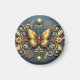 Representación artística de una mariposa dorada ornamentada rodeada de elegantes rizos florales y ornamentales sobre un fondo azul contrastante, realzando los temas del lujo, la elegancia y la decoración.
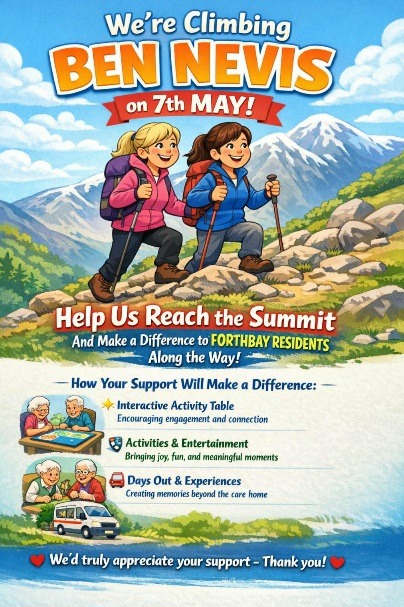 Myself and my colleague Michelle are set to climb Ben Nevis on the 7th of May and will be sure to allow everyone to follow our journey in aid of our residents.
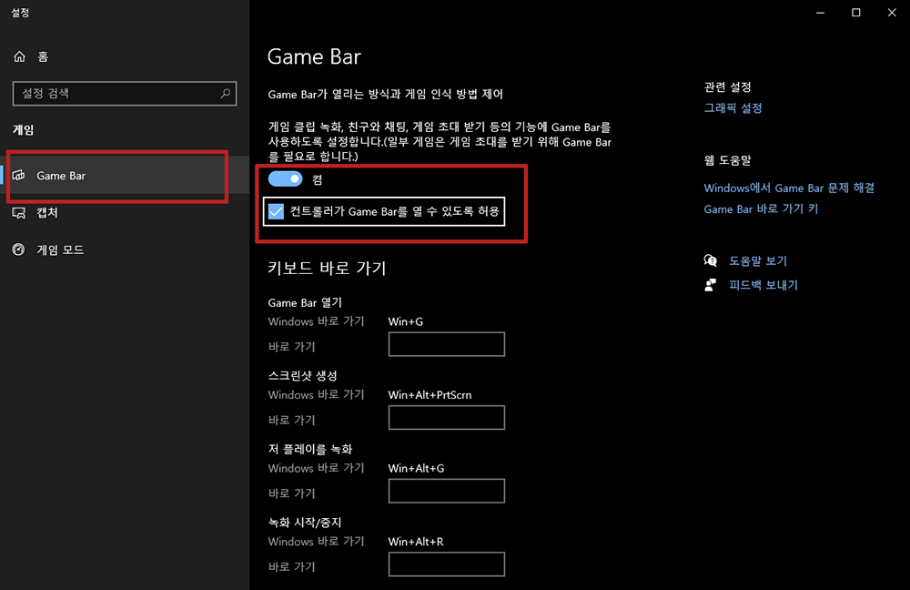 게임 바 (Game Bar)를 켬 으로 컨트롤러가 Game 를 열 수 있도록 허용 의 체크박스를 체크합니다.
--------
_WHAT TO DO_
Repeat, exactly and only, the lines from the one containing "Myself and my" through the final line of the data, both ends included, leaving out any picture.

_OUTPUT FOR THIS EXERCISE_
 Myself and my colleague Michelle are set to climb Ben Nevis on the 7th of May and will be sure to allow everyone to follow our journey in aid of our residents.
 게임 바 (Game Bar)를 켬 으로 컨트롤러가 Game 를 열 수 있도록 허용 의 체크박스를 체크합니다.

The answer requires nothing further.